■ **Supplied material**
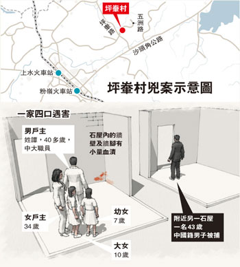 2時許,同事趕到坪輋村譚家時,發(fā)現一名可疑男子在石屋前泥地掘坑有所動作,感覺不妙,于是立即報警。其間疑人發(fā)現行藏敗露,立即跑到附近一間村屋匿藏。警員接報馳至,發(fā)現泥地上有可疑血漬,立即召消防到場協(xié)助,消防員將泥土的表層翻開,見2具男女大人,以及2具女童的尸體,由于4名死者已無生命跡象,警方立即封鎖現場,以待7日進一步挖掘調查。
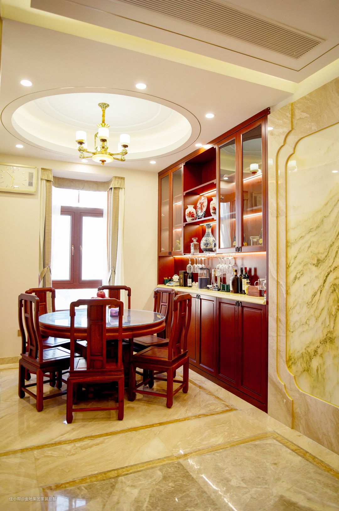 圆形吊顶,方形地线与圆桌方椅彰显东方人为人处世方圆有度。大理石与胡桃木,一刚一柔,奢华不失温度。当三五好友来访,小酌雅聚,书香望族的待客礼仪在此升华。
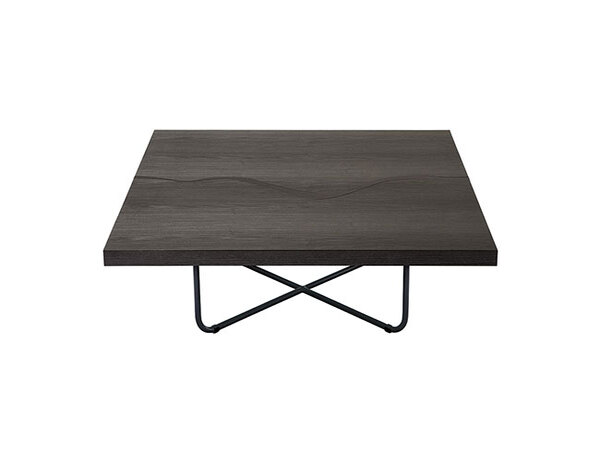 A collection of low tables, tables, desks and furniture featuring a wooden top with a laser-cut metal insert, and a metal base.

■ **Task prompt**
A word-for-word copy of the listing is needed, with no pictures in it.

■ **Response for this exercise**
 2時許,同事趕到坪輋村譚家時,發(fā)現一名可疑男子在石屋前泥地掘坑有所動作,感覺不妙,于是立即報警。其間疑人發(fā)現行藏敗露,立即跑到附近一間村屋匿藏。警員接報馳至,發(fā)現泥地上有可疑血漬,立即召消防到場協(xié)助,消防員將泥土的表層翻開,見2具男女大人,以及2具女童的尸體,由于4名死者已無生命跡象,警方立即封鎖現場,以待7日進一步挖掘調查。
 圆形吊顶,方形地线与圆桌方椅彰显东方人为人处世方圆有度。大理石与胡桃木,一刚一柔,奢华不失温度。当三五好友来访,小酌雅聚,书香望族的待客礼仪在此升华。
 A collection of low tables, tables, desks and furniture featuring a wooden top with a laser-cut metal insert, and a metal base.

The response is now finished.